In Objective-C, it's important that you distinguish between objects and primitive types.

在 Objective-C 中，区分对象和原始类型很重要。

An objectis always stored as a pointer, which is the object's location in memory. A pointer is just a number. With NSLog, you can use %pto see this value. You can display it in the debugger too, like this: print myObject. A pointer is displayed as a hexadecimal number, with a 0xprefix. nilis essentially location zero (0x0000). When you allocate any kind of object, you'll get a pointer which isn't zero. When you assign an object to a variable, you are simply copying the memory address, not duplicating the object. With NSLog, you can use %@to print out an object's description. In the debugger, like this: print-object myObject.

一个对象总是存储作为指针，这是在存储器中的对象的位置。指针只是一个数字。使用NSLog，您可以使用%p查看此值。您可以在调试器中显示它太像这样：print myObject。指针显示为带有0x前缀的十六进制数。nil本质上是位置零 ( 0x0000)。当你分配任何类型的对象时，你会得到一个不为零的指针。当您将对象分配给变量时，您只是复制内存地址，而不是复制对象。使用NSLog，您可以使用%@打印出对象的description. 在调试器，像这样：print-object myObject。

Primitive typeslike NSIntegeraren't objects. Instead of storing a pointer, usually you just store the value. When you assign an NSIntegervariable, you make a copy of the value. You can see the value in the debugger using print.

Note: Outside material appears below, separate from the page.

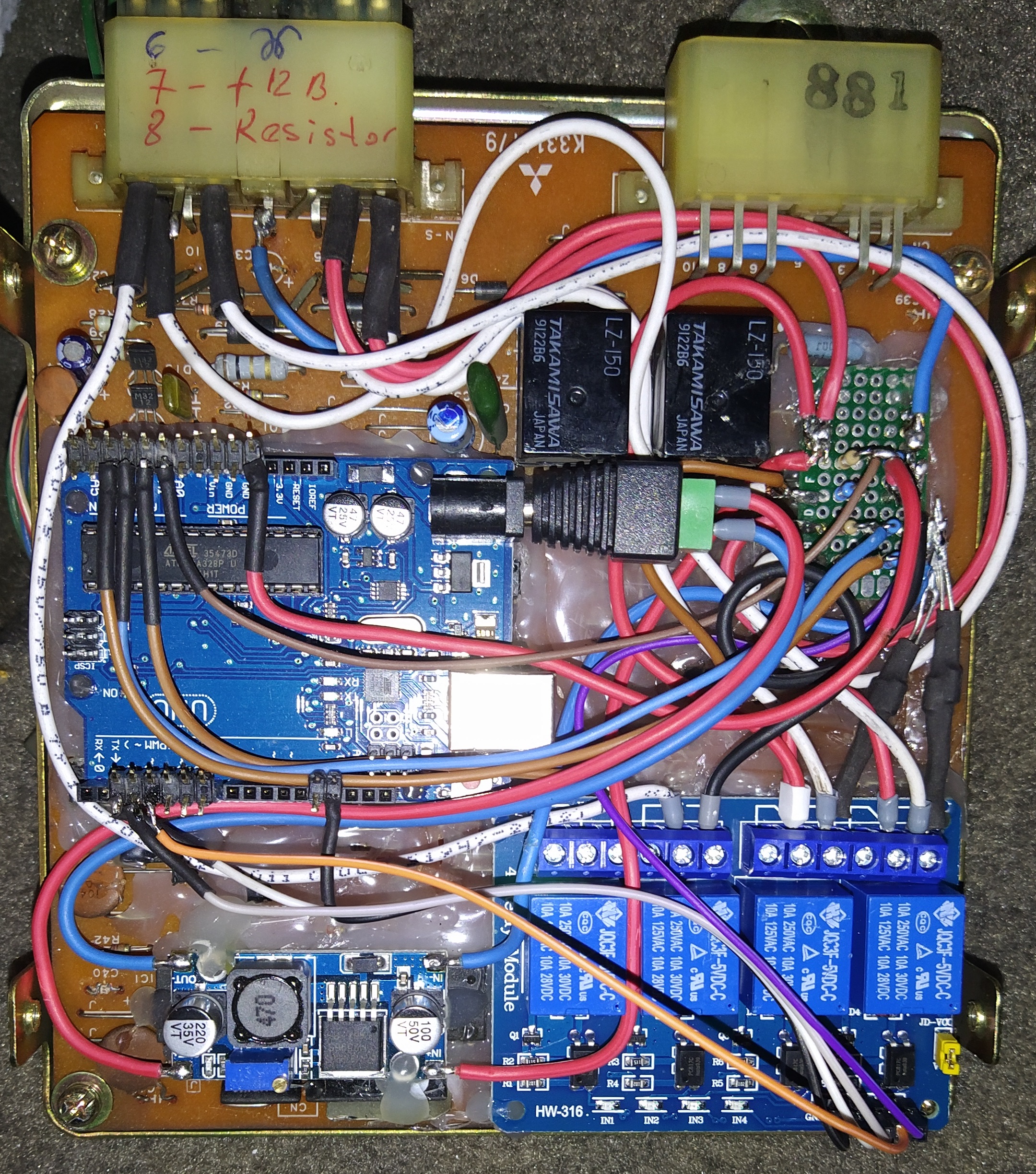 Машина досталась с силовым тумблером который был подключен напрямую от аккумулятора до свечей. Две свечи были на 12В две на 6В. Прочитав форумы стало понятно, что родной блок не будет работать с неродными свечами и так как очень сильно смущала стоимость этих самых свечей плюс было не понятно живой блок управления или нет было принято решение сделать блок управления на Arduino UNO. Восстановил оба реле и еще подключил индикацию нагрева (спиральку) на приборной панели. При использовании SUPER QUICK GLOW индикация с завода не подключается. Пришлось припаять провод прямо к дорожке приборной панели.

Or like this: NSLog("%ld", (long)currentRow). When you assign a primitive, you copy its value. Don't use %@or print-objectwith primitives — they expect objects.

原始类型如NSInteger不是对象。通常您只存储值而不是存储指针。分配NSInteger变量时，您会复制该值。您可以使用print. 或者像这样：NSLog("%ld", (long)currentRow)。当你分配一个基元时，你复制了它的值。不要使用%@或print-object与原语一起使用——它们需要对象。

(I say "usually you just store the value," because you can make pointers to primitive types, too. In situations like yours however it's not necessary.)

（我说“通常你只存储值”，因为你也可以创建指向原始类型的指针。但在像你这样的情况下，这是没有必要的。）

[self currentRow]returns 0, just like you set it. (Furthermore, because Objective-C guarantees initialization of instance variables, it'll return 0 even if you don'tset it.)

[self currentRow]返回 0，就像你设置的一样。（此外，因为Objective-C 保证实例变量的初始化，即使你不设置它也会返回0。）

The problem is that you're expecting a pointer to an object. How you fix your code depends on how you're using it:

问题是你期待一个指向对象的指针。您如何修复代码取决于您如何使用它：

• If you're using print-object currentRow, change it to print currentRow.
• If you're using NSLog("%@", currentRow), change it to NSLog(%"ld", (long)currentRow).
• If you're using currentRowsomewhere else, where an object is required, change your instance variable and property types to NSNumber *, an object type. Set it with [self setCurrentRow:[NSNumber numberWithInt:0]].

• 如果您正在使用print-object currentRow，请将其更改为print currentRow。
• 如果您正在使用NSLog("%@", currentRow)，请将其更改为NSLog(%"ld", (long)currentRow)。
• 如果您在currentRow其他需要对象的地方使用，请将您的实例变量和属性类型更改NSNumber *为对象类型。用 设置它[self setCurrentRow:[NSNumber numberWithInt:0]]。

NSInteger is not object, it's typedef'd to int or something like that. Thus, if you set currentRow to 0 and then try to get it back, null (aka 0) is totally correct value.

NSInteger 不是对象，它是 typedef 到 int 或类似的东西。因此，如果您将 currentRow 设置为 0，然后尝试将其取回，则 null（又名 0）是完全正确的值。

The getter method will be synthesized as - (NSInteger)currentRowso it should work just fine. But how do you check if it works? With NSLog(@"%@", ...)? Than you should use %d.

getter 方法将被合成，- (NSInteger)currentRow因此它应该可以正常工作。但是你如何检查它是否有效？与NSLog(@"%@", ...)？比你应该使用%d.

If you want it to be an object you should use NSNumberand a retainproperty.

如果您希望它是一个对象，您应该使用它NSNumber和一个retain属性。